Saturday, March 25, 2006

My Body With Cancer: The Introduction

Yesterday I looked at my body in the mirror after getting out of the shower. I was a little eager to do so because I've lost a couple of pounds and I was really happy about that. Maybe you're thinking that's not really a big deal but it is for me. Because I require surgery every couple of years or so, it's important that I keep my weight down so that I don't add to the risks involved in already delicate and dangerous procedures. In the past six months I managed to put on a few pounds mostly due to my stomach problems. In order to keep my stomach from totally erupting when I take some of my medications, I have to eat a lot of food. I try to make sure it's healthy food but I'm not always mindful of this. Incidentally, to anyone who takes narcotics and still has trouble stomaching them despite being on Prilosec or Nexium: Try eating an apple when you take your narcotics. I've found them to be the most perfect food for helping keep your stomach calm. Note: Please don't take this advice if you're on chemotherapy and have been told not to eat fresh fruit or vegetables.

Well, I suppose I should get back on topic. When I looked in the mirror I also saw that one of my scars has gotten bigger. It made me want to cry. I used to love my back. It was absolutely gorgeous. Before the cancer, I had no scars on my body at all, none. I would always get compliments on my gorgeous skin. However, the assault on my body started with my first surgery and has been ongoing ever since then. I thought this would be a really short message but as I started to write I found that I actually had a lot to say, so I've decided to break it up into several posts.

4 comments:

brownfemipower said...

bint--i've been following what you are saying--this is so intensly powerful. I'm not going to muddle your space with an ill informed comment--i'm just letting you know, that i'm reading you, i am thinking about you--and i am so glad you are feeling strong enough to put this out there.

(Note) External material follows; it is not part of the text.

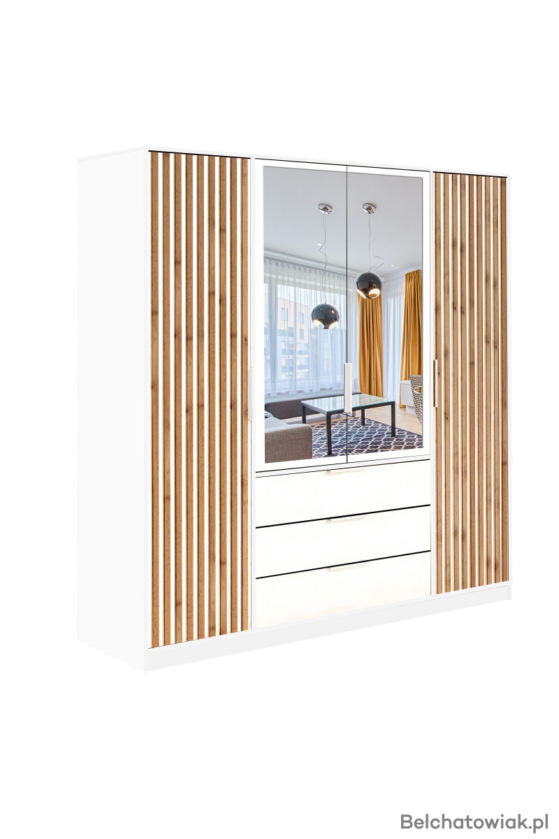 Szafa czterodrzwiowa z lustrem i lamelami – biały,dąb wotan

Kilimanjaro: High and Lo said...

sis,

thank you for being honest. sharing your truth. i agree with everything bfp said. you're so beautiful and reading your post makes me about my mommy, who passed away recently from breast cancer. personally i love scars on women, i think they're beautiful actually. like, serious passionate love scars on women. i'm thinking of you and sending you a hug from atlanta sis. be whereever you are right now with your body. when you're ready, hopefully you will find a healthier way to see your body/scars et al. i'm not nuts or anything, but i wish i could see them. that's just how much i personally love scars and the stories behind them. i recently wrote something about scars

Alli said...

Binti years ago I had surgery for scoloiosis. I have a scar from the top of my spine to the base. Plus I have a scar on my hip where a bone was removed for fusing. I have had 4 breast surgeries having lumps removed The most recent in January. I had a biopsy last week. I used to look at my body as being ugly and marked. But as I get older I can put a new face on them They may be scars, they may not leave my skin flawless but these scars still allow me to have a good productive life.... A scar never represents ugliness, but a mark of survival.... You are a beautiful young woman.....

Bint Alshamsa said...

Alli,

Thank you so much for talking about your struggle and how you've found meaning in your scars. I try to tell myself that they are my "war wounds" but it's not always easy to convince myself. It's something I'm still working on and I don't know if I'll ever be completely comfortable with them but I do hope so.